The final scene of the movie is of Aguirre pacing around the raft, now empty except for a countless number of spider monkeys, which Aguirre ends up terrifying into jumping from the raft & swimming away. He delivers a final, haunting speech between loud sniffs:
When we reach the sea, we will build a bigger ship, and sail north to take Trinidad from the Spanish crown. From there we'll sail on and take Mexico from Cortés. What great treachery that will be! Then all of New Spain will be ours, and we'll produce history as others produce plays. I, the Wrath of God, will marry my own daughter and with her I will found the purest dynasty the world has ever seen. Together, we shall rule this entire continent. We shall endure. I am the Wrath of God! Who else is with me?

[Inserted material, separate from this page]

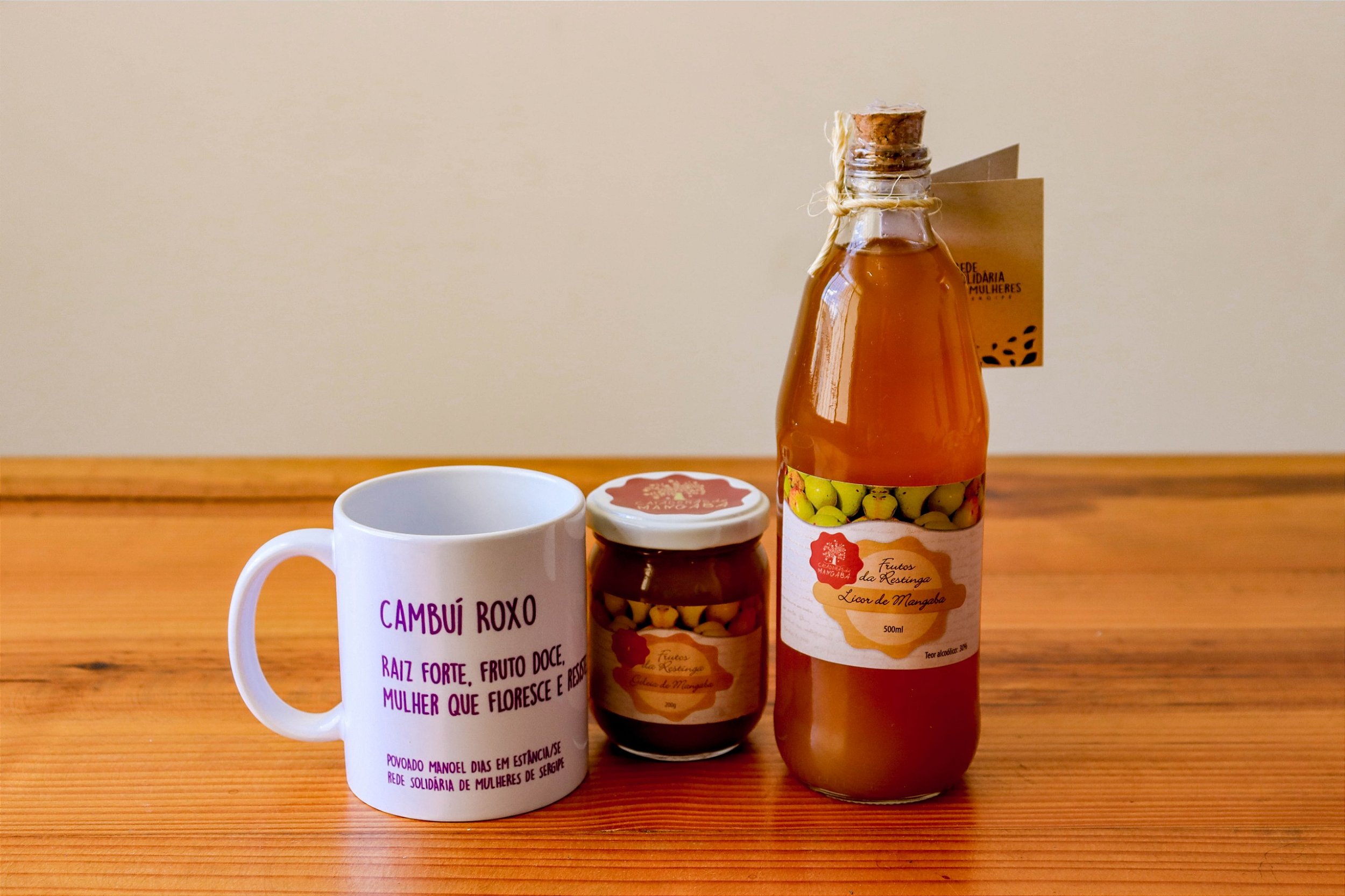 O Kit Contém uma Caneca de Porcelana no tema "Cambuí Roxo", uma Geleia de Mangaba de 200g e um Licor de Mangaba de 500ml.

It may not be ranting about voting fraud & stolen elections, but it has the same effect.
Many filmmakers have admitted Aguirre, der Zorn Gottes strongly influenced their movies, most notably Francis Ford Coppola's 1979 Apocalypse Now, which was based on Conrad’s novella Heart of Darkness. So far no one connected to the Trump Campaign has admitted to even seeing this movie — which is likely, because it’s an art house movie, with dialogue entirely in German, & obviously of no interest to Americans like Donald Trump.
I hope the endgame of the Trump campaign won’t just as fatal for all involved.